Ces pays ci ont deja vu et le culte de Venus11 – essentiellement artistique en Grèce – puis les poetes et des artistes de la renaissance.–12 Là que ces choses ont pu fleurir l’impressionisme le peut aussi.
Pour la chambre où vous logerez j’ai bien exprès fait une décoration, le jardin d’un poète (dans les croquis qu’a Bernard il y en a une premiere conception simplifiée ensuite).13 Le banal jardin public renferme des plantes et buissons qui font rever aux paysages où l’on se représente volontiers Botticelli, Giotto, Petrarque, le Dante et Boccace. Dans la décoration j’ai cherché à démêler l’essentiel de ce qui constitue le caractere immuable du pays.14
Et j’eusse voulu peindre ce jardin de telle façon que l’on penserait à la fois au vieux poete d’ici (ou plutôt d’Avignon), Petrarque, et au nouveau poète d’ici – Paul Gauguin.–
Quelque maladroit que soit cet essai vous y verrez tout de même peut-être que j’ai pensé à vous en préparant votre atelier avec une bien grosse émotion.
Ayons bon courage pour la réussite de notre entreprise et continuez à vous sentir bien chez vous ici.
Car je suis tellement porté à croire que tout cela durera longtemps.
Bonne poignée de main et croyez moi
t. à v.
Vincent
Seulement je crains que vous trouverez la Bretagne plus belle.– quand bien même, si ici vous ne verriez rien de plus beau que du Daumier, les figures d’ici sont d’un Daumier absolu souvent. Or pour vous, vous ne tarderez pas à découvrir au fond de toute la modernité l’antiquité et la renaissance qui dort. Or en tant que quant à celles là libre à vous de les ressuciter.

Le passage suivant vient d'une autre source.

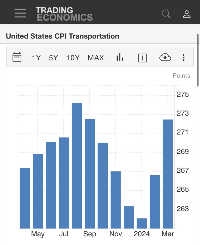 CPI 交通運輸類指數 , 資料來源:tradingeconomics.com

Bernard m’en parle que lui, Moret, Laval et un autre feraient un echange avec moi.15 je suis reellement en principe très partisan du systeme d’echanges entre artistes puisque je vois que cela prenait une place considerable dans la vie des peintres japonais,16 je vous enverrai conséquemment les études que j’ai de disponibles à l’état sec de ces jours ci et vous aurez le premier choix.
Mais avec vous je n’en échange aucune si de votre côté cela devrait vous couter une chose aussi importante que votre portrait qui serait trop beau. Sûr je n’oserais pas. Car mon frere vous le prendra volontiers contre tout un mois.